PROBLEM REQUIREMENTS.
In the material below, pictures must be dropped. Repeat exactly, and only, the lines from the line with "144 / Boules-Set, mit" to the line with "I defer to last", both ends included.

*** DATA TO USE Section Begins ***

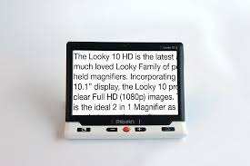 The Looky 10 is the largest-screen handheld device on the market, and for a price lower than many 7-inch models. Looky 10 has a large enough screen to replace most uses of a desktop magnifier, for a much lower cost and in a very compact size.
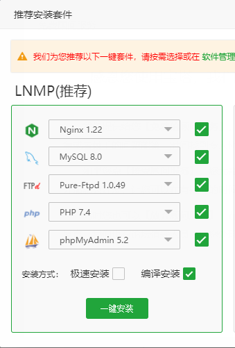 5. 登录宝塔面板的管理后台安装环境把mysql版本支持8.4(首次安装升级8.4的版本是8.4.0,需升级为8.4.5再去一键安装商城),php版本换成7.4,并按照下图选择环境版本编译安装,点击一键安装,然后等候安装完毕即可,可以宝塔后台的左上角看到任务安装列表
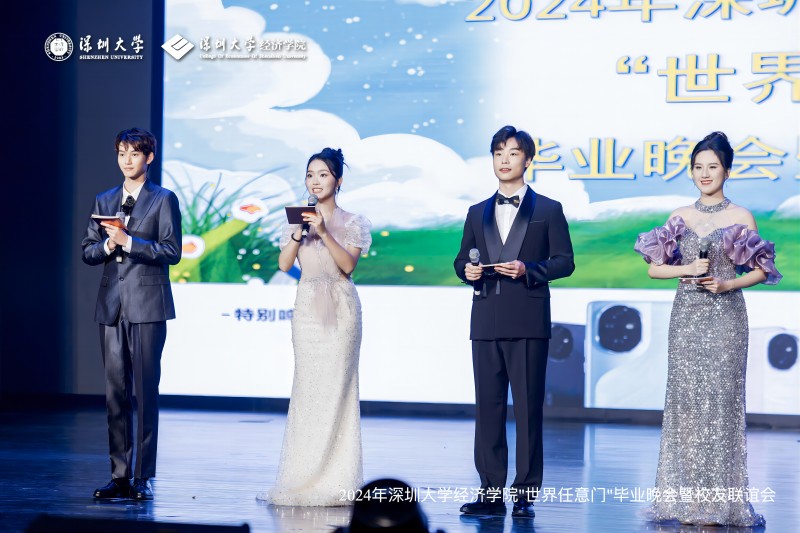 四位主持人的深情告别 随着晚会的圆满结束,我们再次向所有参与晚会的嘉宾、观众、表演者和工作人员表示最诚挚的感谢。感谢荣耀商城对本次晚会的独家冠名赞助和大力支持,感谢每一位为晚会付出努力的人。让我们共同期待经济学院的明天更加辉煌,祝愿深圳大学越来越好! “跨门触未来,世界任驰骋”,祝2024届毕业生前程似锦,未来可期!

*** DATA TO USE Section Ends ***
*** DATA TO USE Section Begins ***

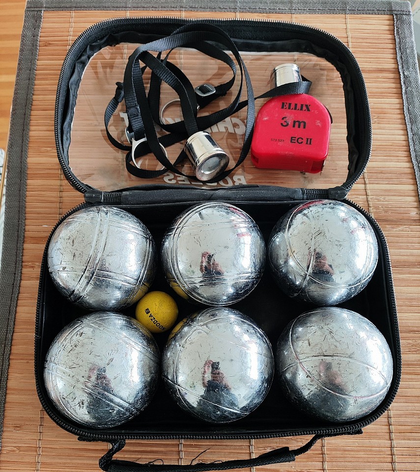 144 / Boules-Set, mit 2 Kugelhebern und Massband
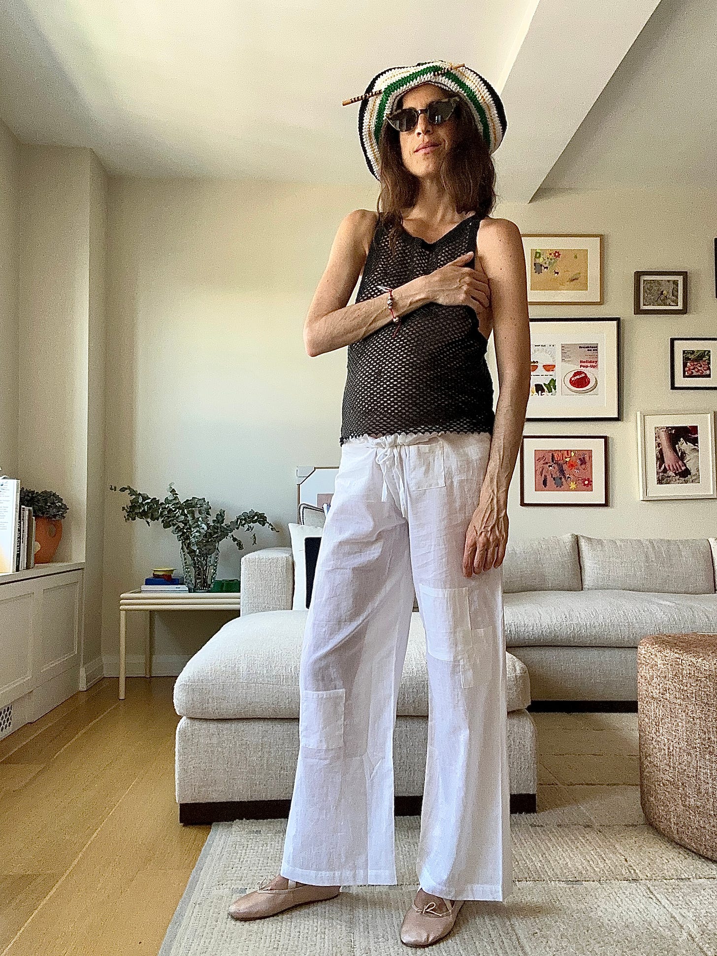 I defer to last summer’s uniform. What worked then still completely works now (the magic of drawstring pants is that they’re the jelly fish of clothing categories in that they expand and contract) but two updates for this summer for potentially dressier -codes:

*** DATA TO USE Section Ends ***

ANSWER SECTION.
 144 / Boules-Set, mit 2 Kugelhebern und Massband
 I defer to last summer’s uniform. What worked then still completely works now (the magic of drawstring pants is that they’re the jelly fish of clothing categories in that they expand and contract) but two updates for this summer for potentially dressier -codes:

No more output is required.